If you need to pay for a college tuition of your child, but don’t have the money yet, one good option would be to apply for home equity loans. In this type of loan, you can get the money that you need with the use of your home as collateral. You should remember that as your home is the one at stake, you should be very careful in paying the monthly payment and the interest that comes along with it. You will have to be very responsible with this if you want to get more benefits from this type of loan. You would not want to get a loan, add interest payables and lose your home if you don’t pay for it.
There are many ways that home equity loans can help an individual. You simply have to make yourself ready before applying for it. You can borrow a big amount of money to pay for college tuition, home renovation and other onetime large expenses. You can spend the money in any way that you want however you should make sure that you pay for the loan, and the interest. Only with this can you make sure that you have experienced the benefits that home equity loans can offer an individual.
There is a risk if you are not able to pay for your loan. When you do this, you may think that you can always get another loan to pay for the previous one. Although this option is always open, you should remember that there are added interests for each loan that you apply for and even if home equity loans may have lower interest, it would still make your financial status worse if you are not able to pay for it on time. You may have many options to make your finances be more stable so check on those options and do your research before any action. Make sure that whatever you do is backed up with the right researches and you are sure that it would be the way for improvement and not for getting worse.

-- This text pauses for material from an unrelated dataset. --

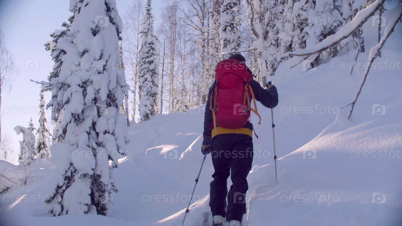 Скитур в Сибири. Мужчина катается на лыжах в заснеженном лесу, вид сзади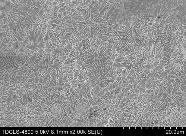 作品介绍:对于多相,高合金化的航空航天用Ni3Al基高温合金,其界面区由于错配度高、元素偏析等原因成为合金中的不稳定区域,在时效过程中,析出相易在此处析出并呈现形貌,尺寸的演变。本作品采用材料学院S4800冷场发射扫描电镜进行拍摄,由于界面区易腐蚀,所以腐蚀时间的把握是呈现本作品的主要难点。界面区析出相随着时效时间的延长从图中颗粒状生长为短棒状,最终呈现花状,恰似一个种子破土发芽,生长开花的过程,故作品称之为“花开好了”。

There are risks involved in home equity loans but there are many people that consider this type of loan. You may think that it is easy to borrow money. It may be easy, but paying for it may not be that trouble free especially if your finances are too unstable. Thus, always remember to assess your situation before applying for the loan. Also, understand all the terms and conditions that the loan has before signing any deal. This will protect you from any harm brought by unclear rules in home equity loans. Additionally, you should make sure that you have checked other options before settling in one. There may be other ways of getting money for your current needs. Check on other ways and compare the interest rates of different home equity loans companies. You will later on see that there are many ways of getting enough money without too much risking for finances. With proper preparation, you will lessen the risks and increase the chance of financial improvement.